§ **Instructions to follow**
Any picture in the data below gets skipped; print all the rest exactly.

§ **Supplied material**

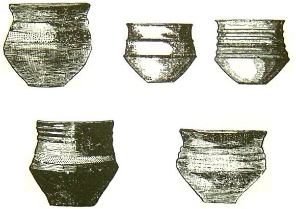 Poteries en terre noire découvertes en 1864 dans les tombes du cimetière franc des Petites-Dalles. (Musée de Rouen).
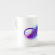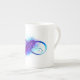 Símbolo infinito com uma bela pena pintada em cores roxas e azuis brilhantes sobre fundo branco.
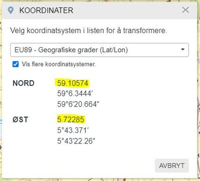 2. Koordinatsettet EU89 - Geografiske grader (Lat/Lon) på Norgeskart. Rett kode her vil vere: {{artikkelkoord|59.10574|N|5.72285|Ø}}.

§ **Answer below**
 Poteries en terre noire découvertes en 1864 dans les tombes du cimetière franc des Petites-Dalles. (Musée de Rouen).
 Símbolo infinito com uma bela pena pintada em cores roxas e azuis brilhantes sobre fundo branco.
 2. Koordinatsettet EU89 - Geografiske grader (Lat/Lon) på Norgeskart. Rett kode her vil vere: {{artikkelkoord|59.10574|N|5.72285|Ø}}.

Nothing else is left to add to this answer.